The food pyramid is a hierarchy of half-truths. It has long painted an incomplete picture—one in which dairy and meat are pillars of health and nutrition—while failing to address the fact that animal agriculture assumes a starring role in driving climate change.
The Game Changers, a documentary that debuted at the Sundance Film Festival in 2018, implies a positive correlation between a plant-based diet and high-level athletic achievement. It chronicles the lives of vegan athletes and explores the vegetarian diets followed by some Roman gladiators.
The documentary resonated with Vincent Dotson, an avid boxer and Saint Louis transplant who developed an interest in the studies presented. According to the film, researchers reported observing more efficient blood flow and higher oxygen levels in athletes who followed plant-based diets when compared to omnivorous competitors from the same athletic disciplines.
Dotson ran an unofficial experiment of his own, where his meatless Mondays segued into four-to-five vegetarian days a week and, eventually, to the omission of red meat and dairy altogether. The positive health effects he experienced offered swift confirmation of what he’d seen on the big screen.
“I felt like I was running smoother and more efficiently,” he says. “Being from the Midwest, I loved milk—I was raised on milk—but I was looking for a non-dairy alternative to switch to.”
He was working in sales at the time, but, he continues, “It wasn’t fulfilling to me.

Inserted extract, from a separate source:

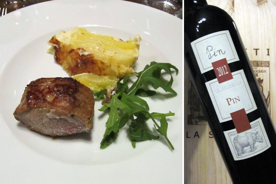 Steak ze svíčkové z divočáka marinované s lanýžem, podávaný s gratinovanými bramborami (foto 6 a)a La Spinetta, Monferrato Rosso „Pin“, DOC, 2012 (foto 6 b)Víno je od vůně neskutečně elegantní, homogenní, intenzívní a plné, minerálně-ovocné (ostružiny, višně), s tóny ušlechtilého dřeva. Má pevnou a přesnou strukturu, je šťavnaté, v těle plnější až plné, s hladkými vyzrálými ovocnými taniny a dlouhou perzistencí. Parádní cuvée tvořené ze 2/3 Nebbiolem a z 1/3 Barberou, s velkým potenciálem zrání.

It was just a job to pay the bills.” Around this time, the pandemic was bringing the world to a standstill, which allowed Dotson time to pivot toward a lifelong calling.
“Since I was a child, I’ve always wanted to build something from the ground up on my own. I’ve always felt like an entrepreneur, and I love cooking. It’s very therapeutic for me,” he explains.

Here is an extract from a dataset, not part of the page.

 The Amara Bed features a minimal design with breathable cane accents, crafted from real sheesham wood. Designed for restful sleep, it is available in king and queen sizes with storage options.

While researching the best ways to craft plant milk from scratch, Dotson learned that hemp seeds have far more to offer than comedic comparisons to marijuana. Hemp comes from the same cannabis sativa plant available for purchase at your local dispensary, but it can’t get you high. It is, however, high in a number of macro- and micronutrients.
Almonds and cashews have been champions for plant-based progress and were obvious contenders. They’ve shapeshifted into butters, milks, crusts, and spreads. But they require thousands of gallons of water to produce a handful of servings, more than most other nuts and legumes—not-so-savory numbers for crops grown in one of the most drought-affected states.
So Dotson got to work in the lab (his apartment kitchen) with hemp seeds, which thrive with less than a third of the amount of water needed to grow almonds. He began with a vanilla mylk, but chocolate was the first flavor suitable for outside sampling. Dotson crowdsourced opinions from friends, family, and roommates, who convinced Dotson his prototypes were a marketable, ready-to-sell product. “They were my first customers,” he says. “I would do drop-offs at houses, apartments, and dorms. It reminded me of the old-school milkman set-up, where they would travel around and leave milk outside your door.”
Luv Mylk currently offers five varieties—unsweetened, chocolate, strawberry, vanilla, and horchata—all made from organic plants.
Dotson’s product is also gluten-free, rich in iron and calcium, and full of omega-3s and -6s. Plus, it is nut-free, a rare distinction in the world of vegan milks.
The future of Luv Mylk remains hemp-based, but Dotson is contemplating investing in pasteurizing equipment to extend Luv Mylk’s shelf life beyond seven to 10 days, making his products more compatible for use in coffee shops and cafés. No word yet on where lattes would rank on the food pyramid—however, if hemp in coffee can slow deforestation, let’s get to frothing.